Remember, life is not a sprint. Don't rush into marriage, or children, or anything like that. Take your time and enjoy each adventure as it comes! Experience life as a young professional, living in the city. Travel the world. Learn to knit or sew or do yoga to make you slow down and enjoy life. The early bird may get the worm, but slow and steady wins the race (or something like that).

Please do not take life to seriously, because as Uncle Bob loved to say: no one gets out alive. Your career is important. You help change lives. But you still need to stay grounded. Have fun, and improvise at times. Remember those little moments that seemed insignificant, but later proved to be some of your best memories? Hold on to those, and never stop making new ones.

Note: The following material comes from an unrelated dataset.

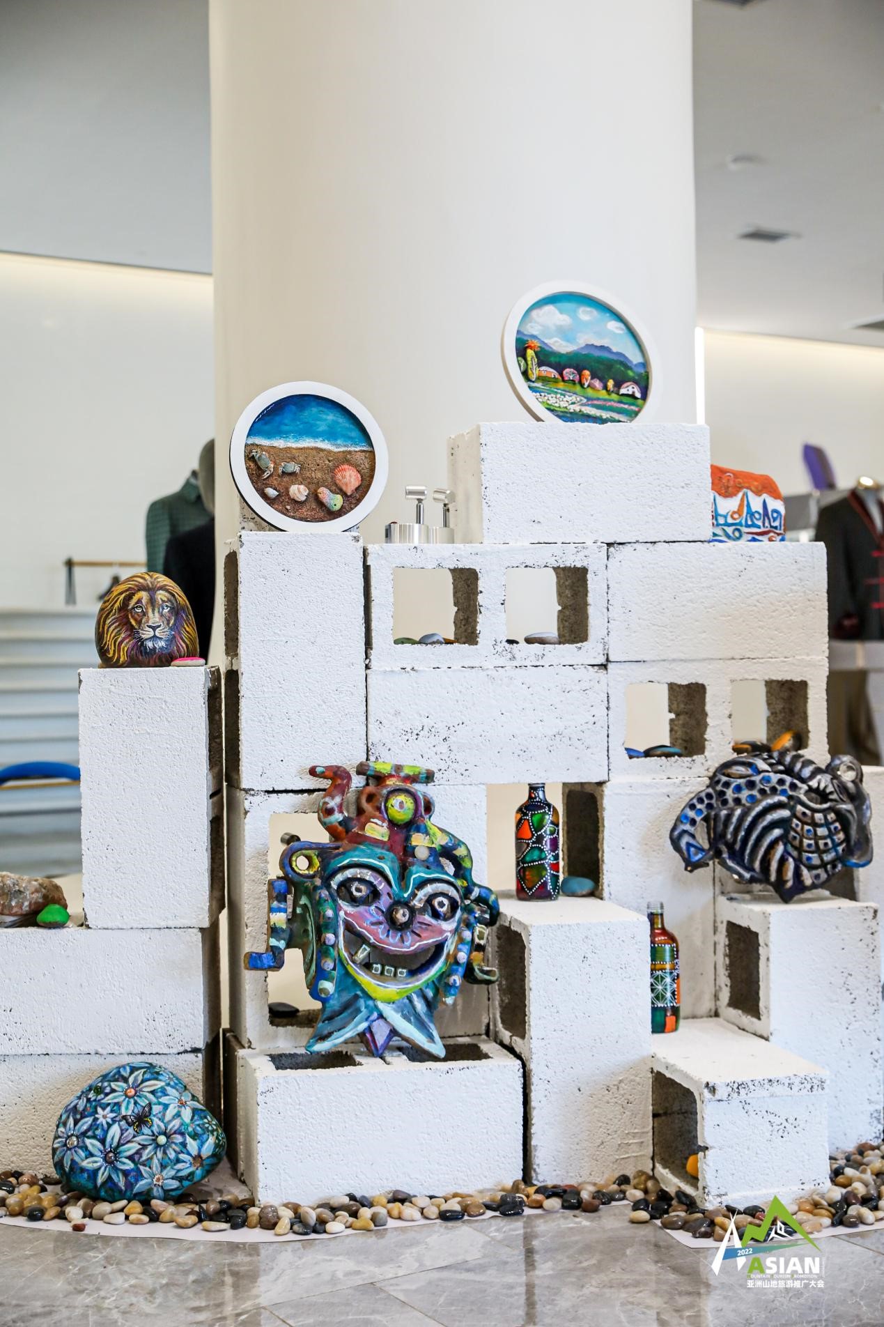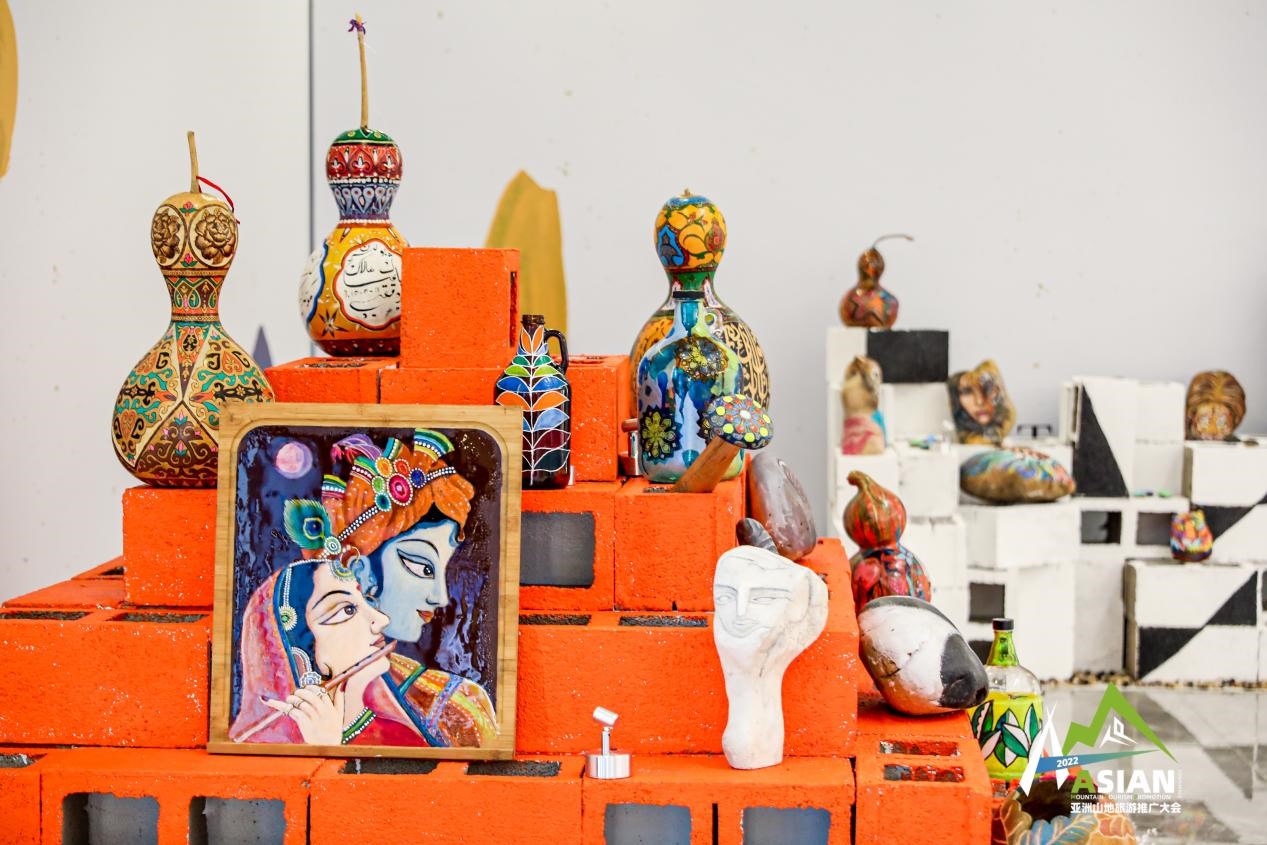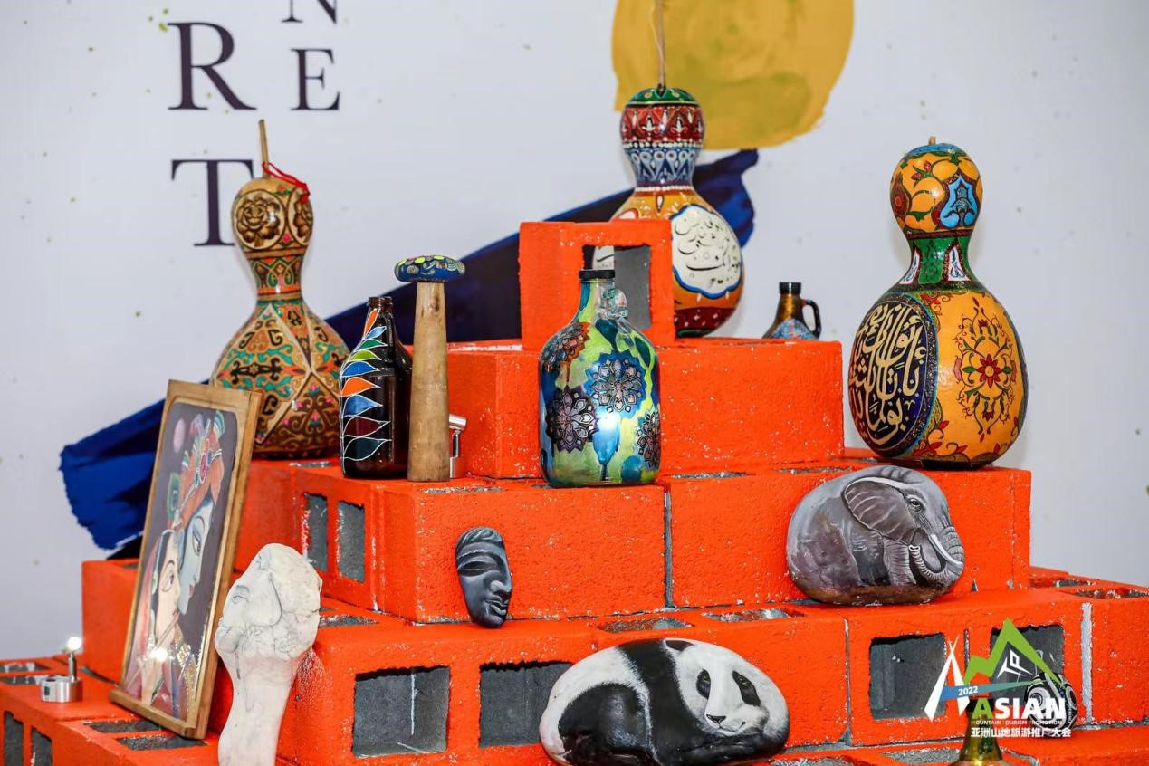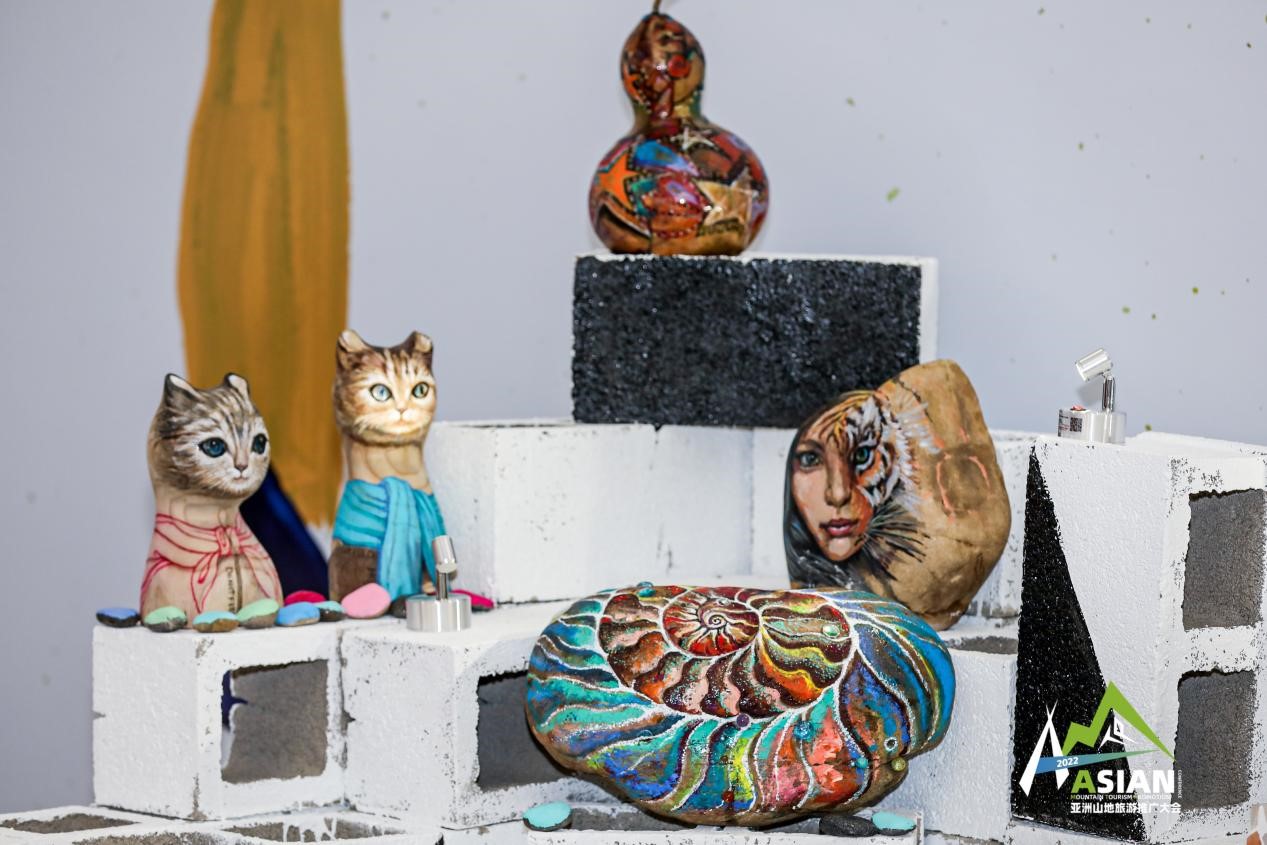 作为本次山地艺术空间展的策展人,贵州索玛文化总经理姜先生介绍,“山地之美,从一块石头开始发现”板块里所有摆放的作品都由在海外的贵州籍艺术家专门为这次大会赶制的,所用材料全部都是很平常、很普通的用品。“贵州山地多,所以河边、山上随处可见各种石头,这些石头都是很普通很普通的,我们的艺术家就在上面作画,利用石头的形状和纹理来绘制不同的动物;家里平时广泛使用的瓶瓶罐罐,用完之后就在上面作画,色彩和颜色都是很现代的;我们还在菜板上作画,就是家里不用的菜板,拿过来在上面绘制,而且融入了印度的元素,也正好契合了亚洲山地旅游推广大会的主题。就连我们摆放展品的展台都很特别,是我们贵州当地的空心砖,用防水防火的涂料刷成了橙红色,一个非常醒目且很有生命力的颜色。”

Never stop trying to make the world a better place. I know you have heard the inspiring Dr. Seuss quote many times, but, as the Lorax said, "unless someone like you cares a whole awful lot, nothing is going to bet better. It's not."

As I sit here, I remember your first experience observing an occupational therapist, and the passion and pride you felt watching the children leave each day. Remember that on good days and bad, you make a difference. Remember that you can change the world.

The best advice I can offer you is this: whatever you do, don't blink. Life is hectic and sometimes days and weeks fly by without noticing. I am sure you remember senior year going by at the speed of light. I wonder if you've ever looked around your office and thought that just four short years prior, you finished your undergraduate degree. I hope you do. I hope you take those moments in, hold on to them close, and allow that moment to take all of its time passing over you.

Do not lose your passion for life. It is a beautiful, strange, and fragile gift, and nothing should ever come between you and the life you want to live.